The relationship between the Christian husband and his wife serves as an illustration of the relationship between Christ and his congregation. Thus, Christian husbands are even required to lay down their lives in sacrificial love for the protection and welfare of their wives should the situation warrant it. And in this safe and cherished embrace of such a loving husband, the Christian wife naturally becomes a willing partner and submits to his headship willingly.

Colossians 3:19: "You husbands love your wives and do not ye be bitterly angry with them."

If it is even forbidden for a Christian husband to be bitterly angry with his wife, would he then be permitted to beat her? Through the laws of marriage laid down in the Bible for Christians, we can learn much about unconditional love, respectful honor and lessons in forgiveness. Christian couples are taught to handle their shortcomings with love and insight. Not only will this result in true happiness between the husband and the wife but it will help them to draw closer to their God. This is one of God's purposes for designing the covenant of marriage. When God is in the marriage, love dominates. There is no room for physical violence in a godly marriage.

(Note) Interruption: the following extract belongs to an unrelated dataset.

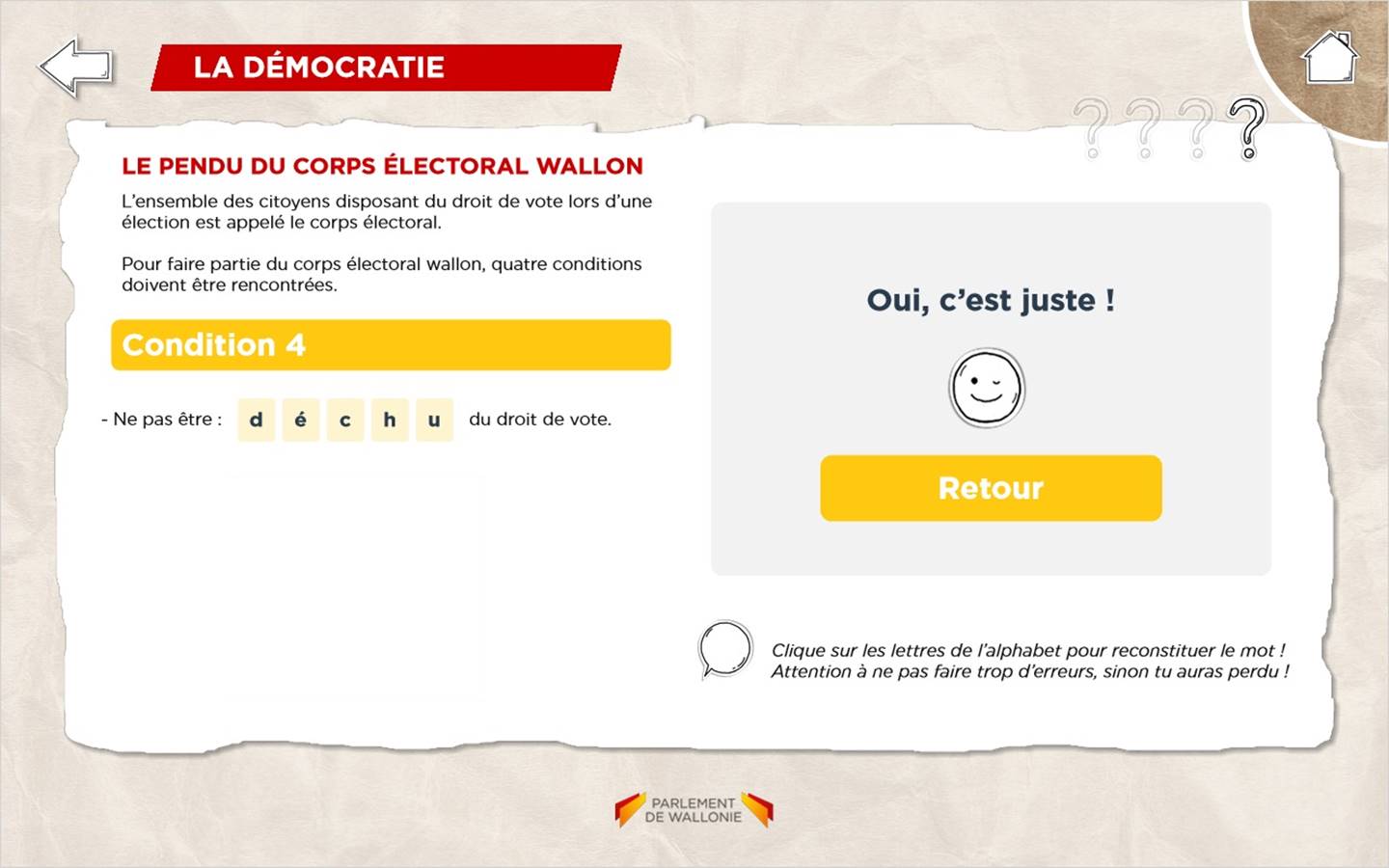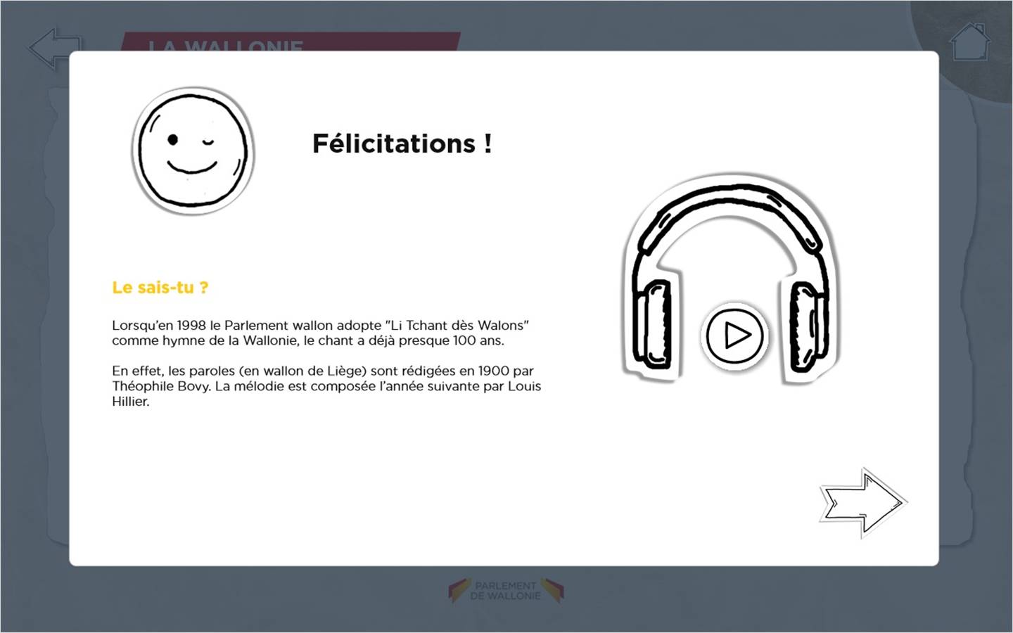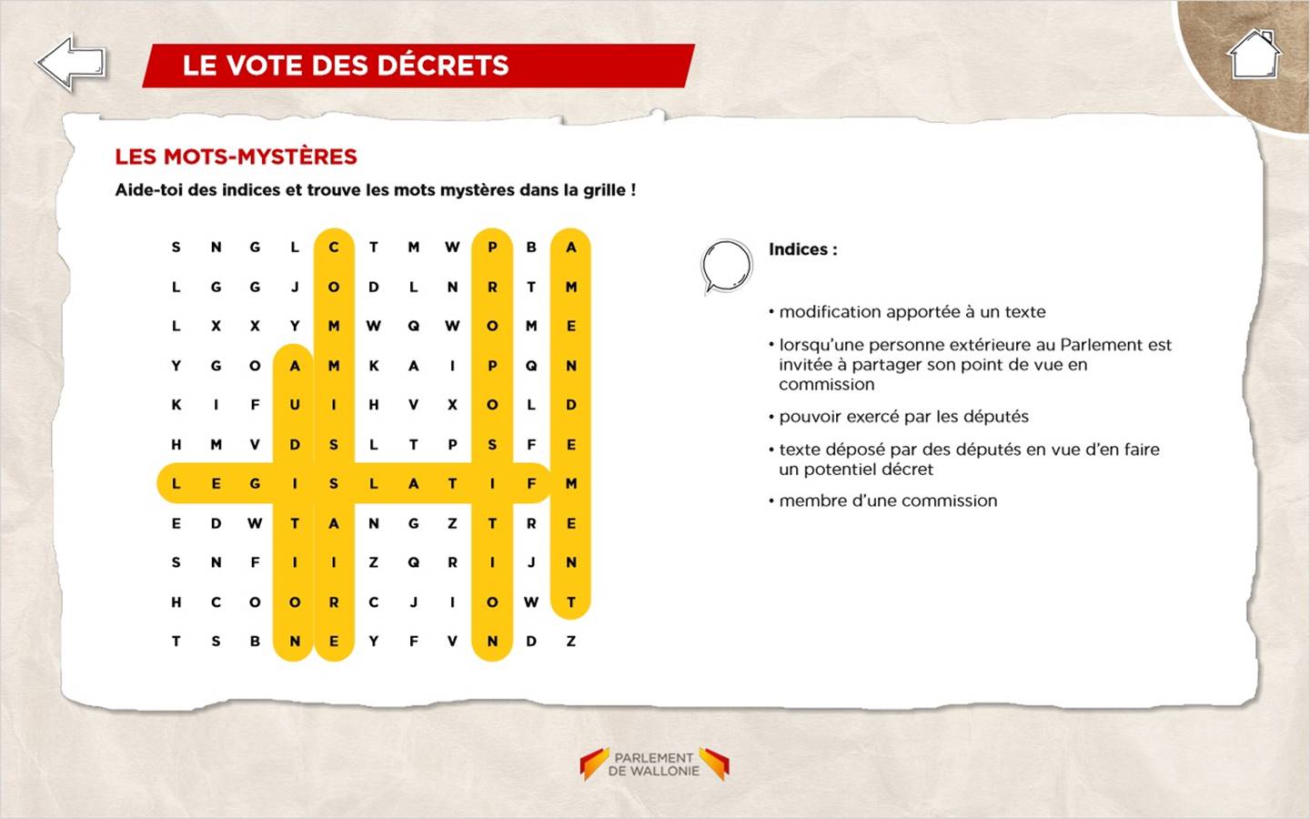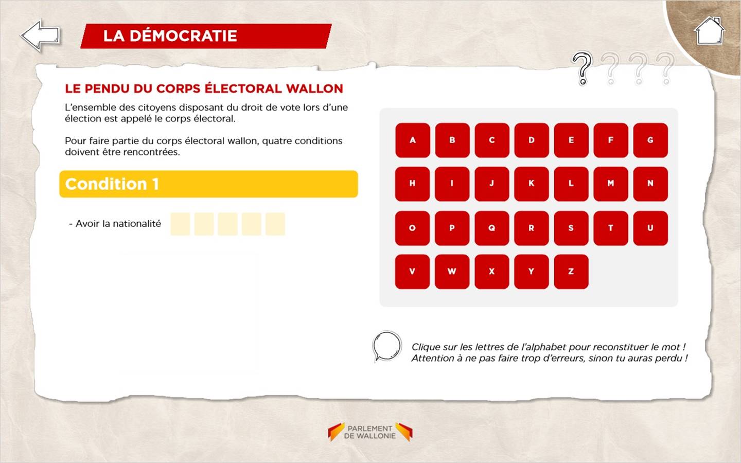 Pour le Centre des visiteurs du Parlement de Wallonie, nous avons développé une série de bornes interactives permettant aux visiteurs – jeunes et adultes – de découvrir de façon ludique et pédagogique le fonctionnement de l’institution parlementaire.

In contrast to the Bible, the Qur'an outlines the steps to be taken when a husband is dealing with a "rebellious" wife. The third step to be taken is physical violence. Period. It is given as a command and not as an option. As for the term "rebellious," it is very subjective. It can be applied to any wide range of actions that a Muslim husband may personally view as rebellious. And depending on the mental disposition of the husband, what is considered "rebellious" may vary from time to time according to the mental state he is in. It may also differ from one husband to another. Thus, Allah's laws in the Qur'an and the Hadith have subjected women to life of grave uncertainties. His laws have brought untold suffering to Muslim wives. His indifference towards the distresses of women shows that he cannot be the true God. He is too wicked to be mankind's Creator.

"Allah the Merciful" and "Muhammad the Prophet of Mercy" spoke with one voice concerning the dignity of women in Islam. And this is what they said: "A man will not be asked as to why he beat his wife." This means, not even by Allah!

The Islamic source materials provided in this article establish the fact that the command to beat of "disobedient" wives is part and parcel of the teachings of Islam. Wife-beating occurred in early Islam with Muhammad's approval. It became an integral part of Islam's theology for family management. Moreover, contrary to lies proliferated by Muslim apologists, this beating is meant to inflict pain in order to bring the wife into submission to her husband.

Muslims must be realistic about their expectation of their Prophet. Just how realistic is it that Muhammad would give a command to Muslim husbands to apply love and forgiveness to settle family disputes rather than use physical force to subdue their wives? Consider this: Can anything good come from a man who taught that a Muslim wife should be made to share her marital bed with three other wives at her husband's discretion? Can anything good come from a man who established the "triple talaq" rule so that a wife can be thrown out of the house at any time? Can anything good come from a man who encouraged his men to rape women captured in battle? As Jesus wisely said, it is absolutely unrealistic to "gather grapes from thorns or figs from thistles." (Matthew 7:16). Similarly, nothing good can come from a wife beater. And Muhammad was a wife-beater.

It is urgent to expose this abhorrence in the guise of religion before it destroys many more innocent lives. The very first step to solve any issues is to acknowledge that the problem exists. Muslims must, therefore, be willing to admit honestly that a serious problem exists in Islam. A problem rooted in the Qur'an. This shows us why it is inexcusable for any decent human being to accept Islam or its teachings. Wife-beating is unacceptable.